### EXERCISE DIRECTIONS
From the records below, print exactly the lines starting at the one containing "ペーパー雑貨、ペイント雑貨、" and ending at the one containing "赤い花のイチゴちゃん植えました( ´͈ ᵕ", ends included, and nothing else.

### SUPPLIED MATERIAL
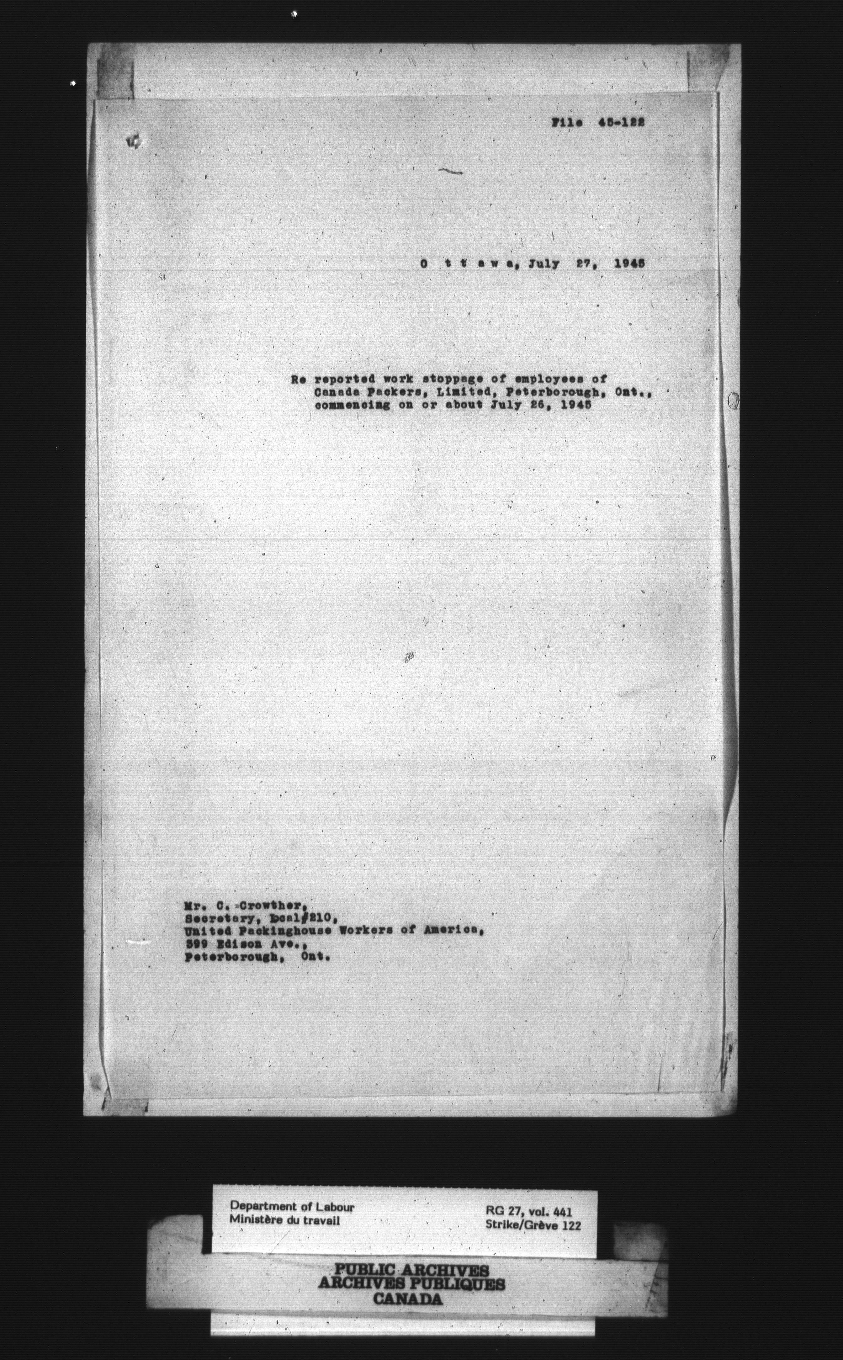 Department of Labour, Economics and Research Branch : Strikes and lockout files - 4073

...

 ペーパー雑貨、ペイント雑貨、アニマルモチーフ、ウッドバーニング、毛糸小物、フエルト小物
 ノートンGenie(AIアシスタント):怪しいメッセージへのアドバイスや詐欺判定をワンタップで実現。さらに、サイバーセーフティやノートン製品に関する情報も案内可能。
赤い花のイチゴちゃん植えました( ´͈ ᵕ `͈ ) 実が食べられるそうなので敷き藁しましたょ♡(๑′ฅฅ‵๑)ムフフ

### SOLUTION FOR THIS TASK
 ペーパー雑貨、ペイント雑貨、アニマルモチーフ、ウッドバーニング、毛糸小物、フエルト小物
 ノートンGenie(AIアシスタント):怪しいメッセージへのアドバイスや詐欺判定をワンタップで実現。さらに、サイバーセーフティやノートン製品に関する情報も案内可能。
赤い花のイチゴちゃん植えました( ´͈ ᵕ `͈ ) 実が食べられるそうなので敷き藁しましたょ♡(๑′ฅฅ‵๑)ムフフ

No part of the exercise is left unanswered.